The short answer is: sometimes yes, but not always in the way people expect.

In UK construction, late payment is governed by a mix of contract law, the Late Payment of Commercial Debts legislation, and the Housing Grants, Construction and Regeneration Act 1996. Whether a late payment is actually unlawful depends on the contract terms, the type of business relationship, and whether the payer has breached statutory payment rules.

For construction businesses, understanding that distinction matters. It is the difference between grumbling about a slow client and taking clear, enforceable action.

Is late payment illegal in the UK?

A company does not automatically commit a criminal offence just because it pays late. In most cases, late payment is a civil matter, not a criminal one.
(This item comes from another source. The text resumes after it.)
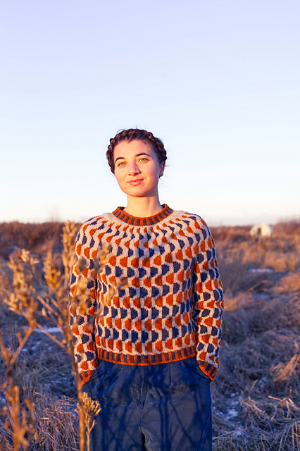 Wax & Wane is knit from the top down. After casting on and joining in the round, short rows are worked to raise the back neck before beginning the colourwork yoke. The yoke is knit to a given length before marking body and sleeve stitches and working underarm shaping. After dividing for body and sleeves, the body is knit to length and finished with a two-colour corrugated rib hem. Sleeve stitches are picked back up and the sleeves are decreased slowly until the cuff. Finally, neckline stitches are picked back up to work corrugated ribbing to finish the neck.
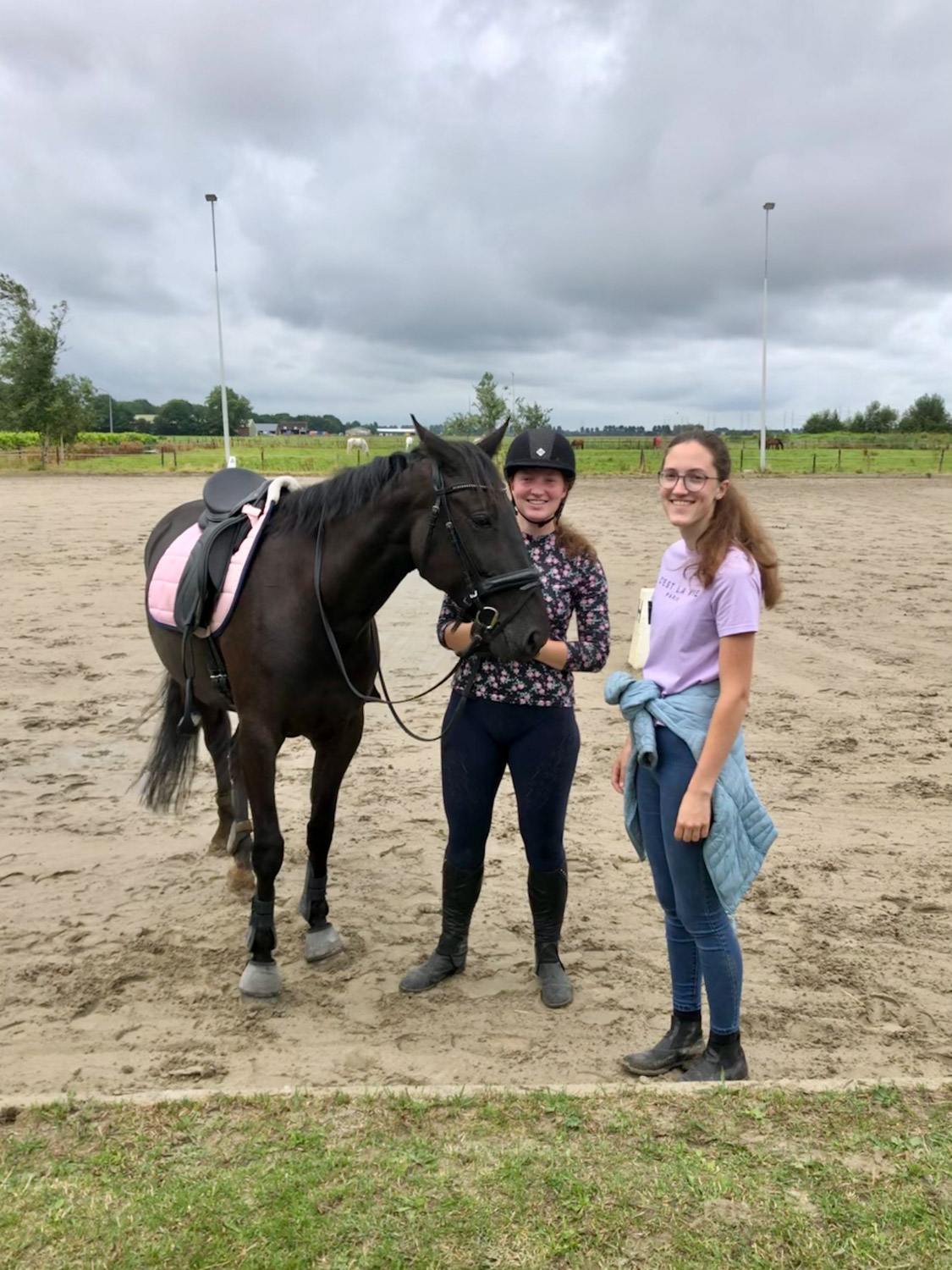 Woensdag 18 augustus een heerlijke dag doorgebracht met Mike’s meiden. We gingen naar de manege om kennis te maken met Kado, het zwarte paardje van Wouter waar Mike’s meiden voor zorgen. Sterre was bezig met springen en Lilly stond erbij om te helpen. Faye banjerde er ook rond. Het was zo leuk om te zien waar de meisjes werken en veel verblijven.Dappere Hans heeft zelfs een wortel aan Kado durven geven. Dapper. Na de lunch zijn we naar het bos gegaan waar Mike op 17 september zijn herdenkingsboom krijgt. Mooi plekje, het heeft helemaal niks begraafplaatsachtigs, maar meer een fijne verblijfs en wandelplek. Honden mogen er vrij rondlopen.  Er komt een amberboom die prachtig rood verkleurt in de herfst. Eenmaal thuis was het tijd voor een spel en daarna hebben we pannenkoeken van Lilly gegeten.

That means the issue is usually handled through contract enforcement, interest claims, adjudication or court action rather than police involvement.

However, a company can still be acting unlawfully if it fails to pay within the agreed contractual period or breaches payment rules set by legislation.

In practical terms, late payment becomes a legal issue where:

  • a contract states when payment is due and the payer misses that deadline
  • the business is entitled to statutory interest and compensation under late payment laws
  • a construction contract fails to comply with statutory payment requirements
  • a paying party withholds money without issuing the correct notices

So while “illegal” is not always the technically correct word in everyday conversation, late payment can absolutely put a company in breach of the law or contract.

What does the law say about construction late payments?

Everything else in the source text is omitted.